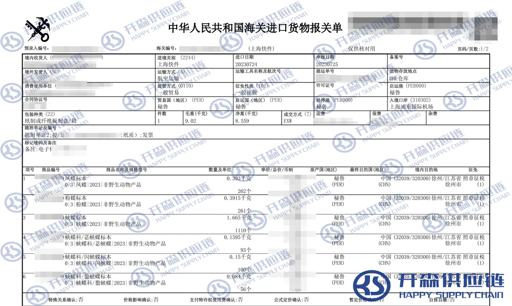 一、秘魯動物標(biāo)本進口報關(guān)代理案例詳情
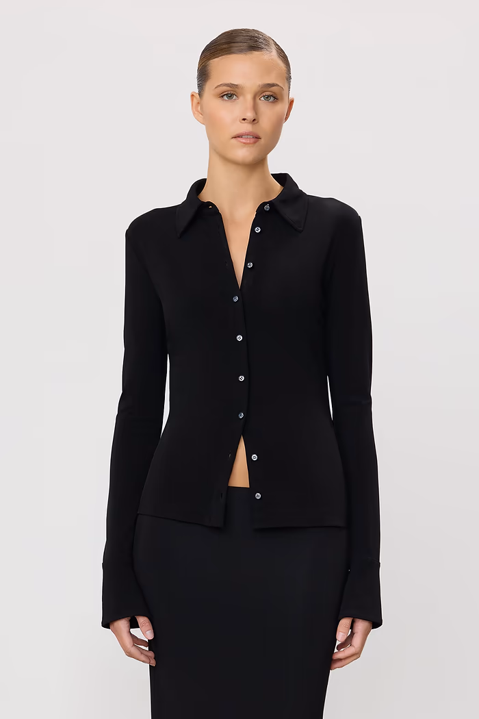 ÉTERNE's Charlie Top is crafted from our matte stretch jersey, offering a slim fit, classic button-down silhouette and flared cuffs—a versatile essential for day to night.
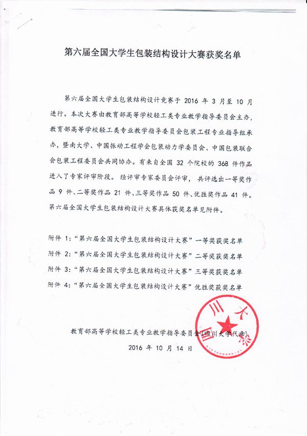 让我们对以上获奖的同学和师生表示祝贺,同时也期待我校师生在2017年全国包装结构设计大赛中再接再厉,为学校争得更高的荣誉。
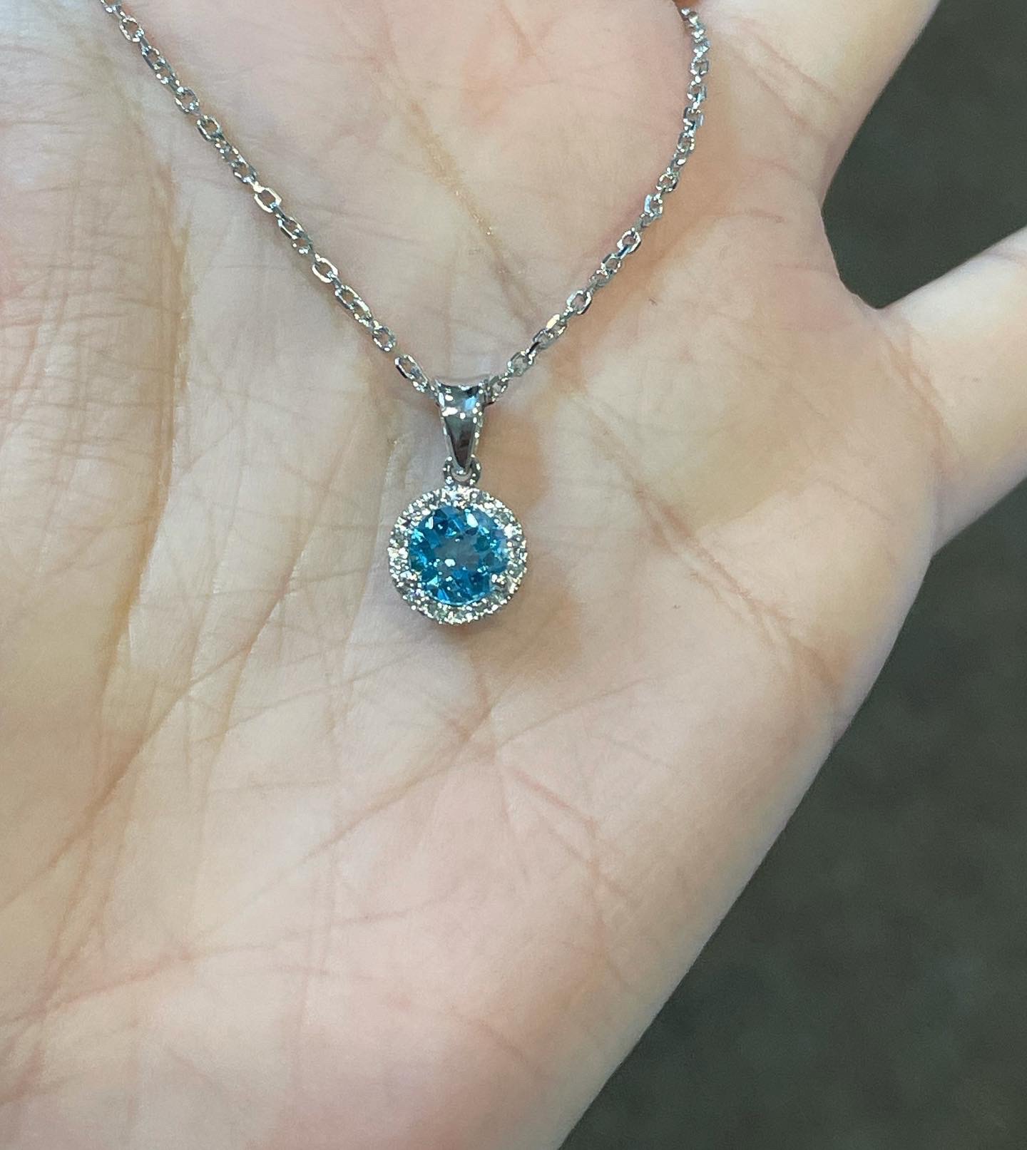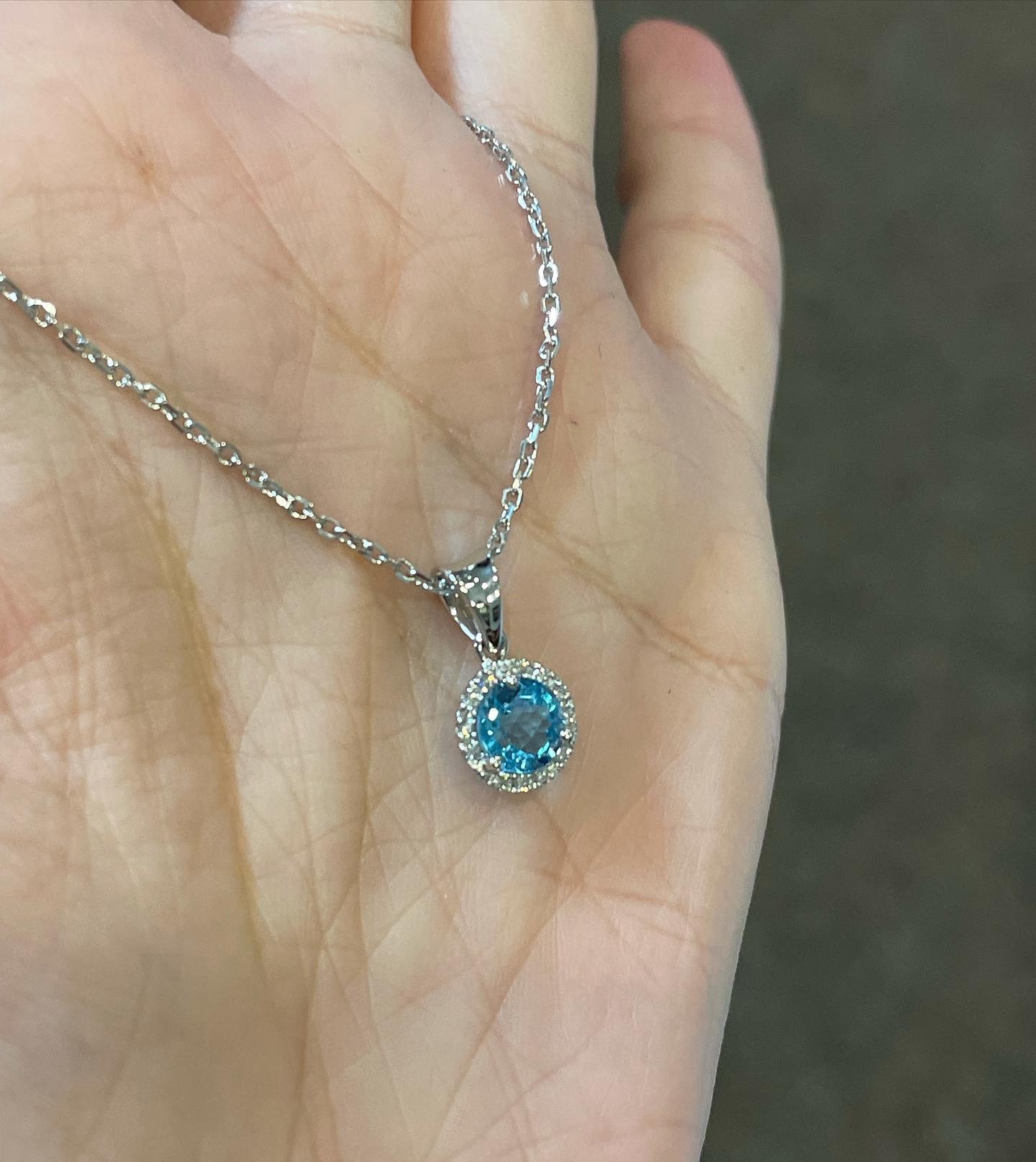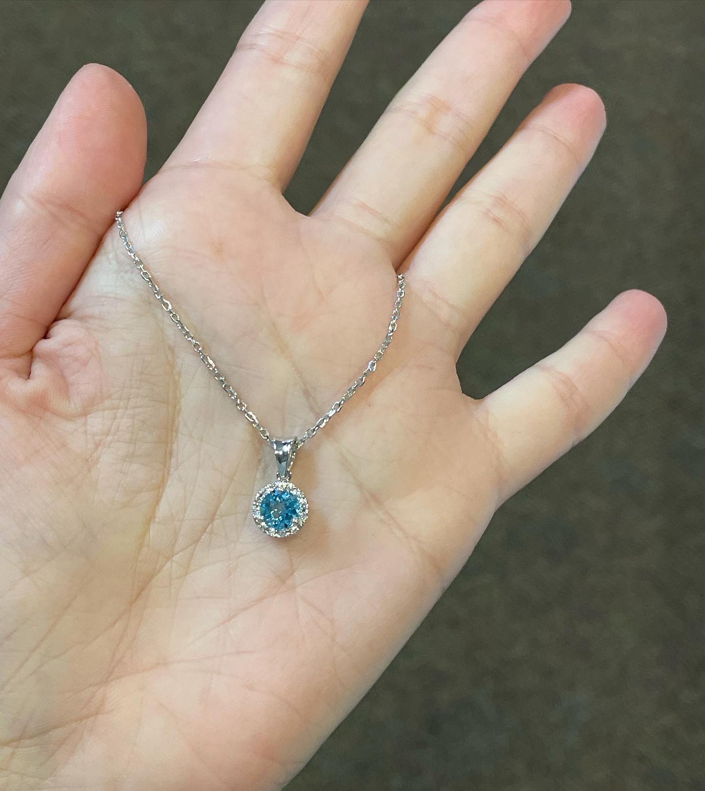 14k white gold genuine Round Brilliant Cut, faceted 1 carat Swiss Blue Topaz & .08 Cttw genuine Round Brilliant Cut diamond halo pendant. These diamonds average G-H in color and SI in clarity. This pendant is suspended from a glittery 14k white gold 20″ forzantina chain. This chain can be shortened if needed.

* * *

Your assignment:
Would you write out the material above in full, exactly as given, except for its pictures?

Answer space:
 一、秘魯動物標(biāo)本進口報關(guān)代理案例詳情
 ÉTERNE's Charlie Top is crafted from our matte stretch jersey, offering a slim fit, classic button-down silhouette and flared cuffs—a versatile essential for day to night.
 让我们对以上获奖的同学和师生表示祝贺,同时也期待我校师生在2017年全国包装结构设计大赛中再接再厉,为学校争得更高的荣誉。
 14k white gold genuine Round Brilliant Cut, faceted 1 carat Swiss Blue Topaz & .08 Cttw genuine Round Brilliant Cut diamond halo pendant. These diamonds average G-H in color and SI in clarity. This pendant is suspended from a glittery 14k white gold 20″ forzantina chain. This chain can be shortened if needed.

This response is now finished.